Hydrocotyle umbellata produces small white and off-white flowers in the late summer and early fall. Pollinating insects, including butterflies and bees, are attracted to the blooms. While the foliage is non-irritating and safe to touch, the plant can produce a mild nausea if ingested.
In colder climates, it is important to give Hydrocotyle umbellata special care when growing it in a pot. The soil should be kept moist and the roots should not be allowed to become waterlogged. For best results, move the pot indoors for the winter. It is also important to shelter the plant from strong winds and frost. By following the proper care guidelines, this plant can be enjoyed for many years to come.

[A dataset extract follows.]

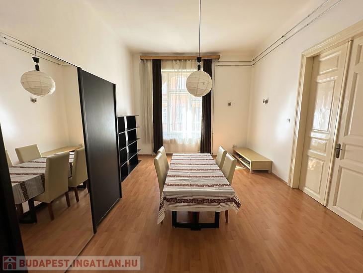 Kiadó a Radnóti Miklós utcában, egy polgári ház második emeletén található 67 nm-es, világos és tágas, két szobás lakás. A keleti fekvésnek köszönhetően reggeltől fényárban úszik, a cirkó fűtés gondoskodik a kellemes melegről. A lakás bútorozott, barátságos hangulatú, ablakai az utcára néznek. Ideális választás lehet családoknak és azoknak is, akik kisállattal költöznének. Elhelyezkedés szempontjából pár perc séta a Westend, éttermek, kávézók, közlekedési eszközök: metró, villamos, buszjáratok.
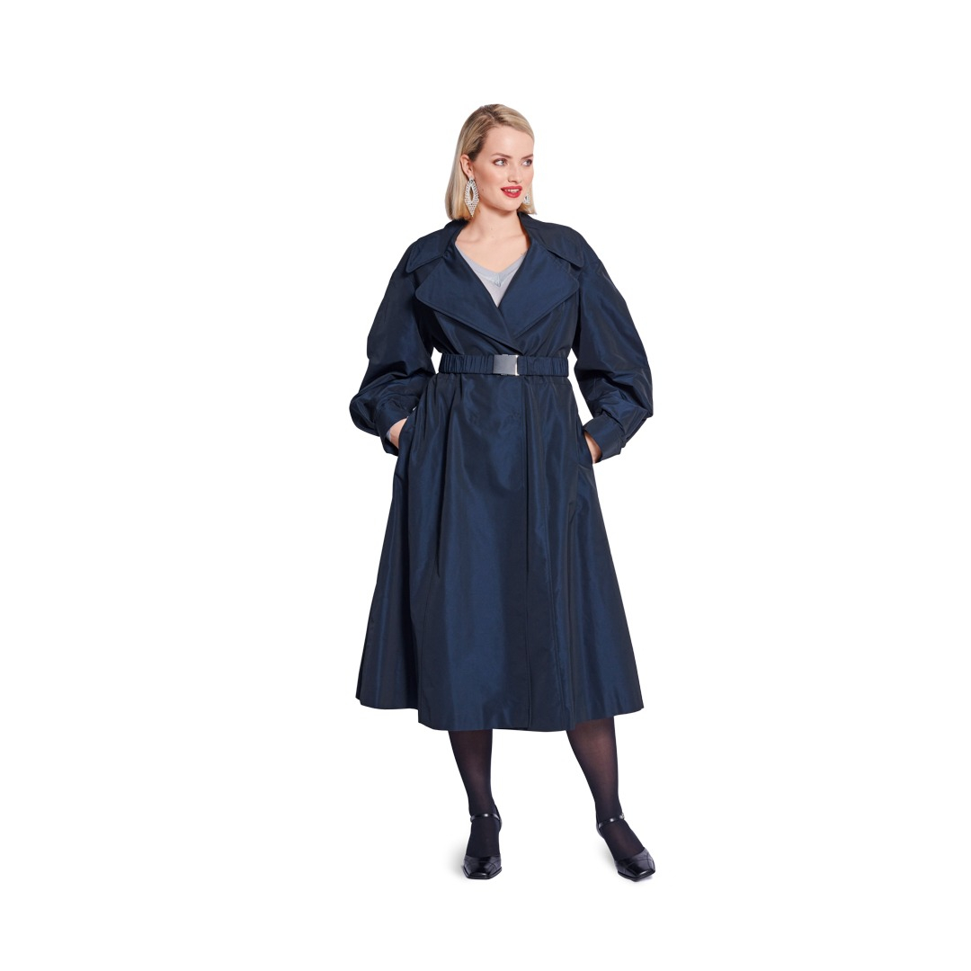 Scopri i nostri eleganti cartamodelli per abiti e camicette, perfetti per sarte esperte! L'abito chemisier presenta delicati bordi in pizzo su colletto e polsini, insieme a una gonna arricciata che esalta la figura. La camicetta colpisce per il suo elegante colletto alto, l'abbottonatura impunturata e la fluida viscosa, creando una silhouette seducente con ampi spacchi laterali.

This interesting genus originates from the temperate to subtropical regions of East Asia and the Americas. It contains about 40 frost-hardy evergreen shrubs and small trees, grown for their handsome foliage and fragrant flowers. In older publications you may see the Illicium genus placed in the Magnoliaceae family. This is no longer correct as they are now placed in their own family Illiciaceae.
Star-anise (I. verum) from China and Vietnam is the source of a culinary spice and reportedly has medicinal uses. Illicium verum has a foliage and stems with a delightful anise odor that reminds of root beer with hints of licorice. The other species are toxic and are not a substitute for the culinary spice and flavorings obtained from Illicium verum, although they also have pleasant anise smell. Prefers partial shade or partial sun; soil should be moist.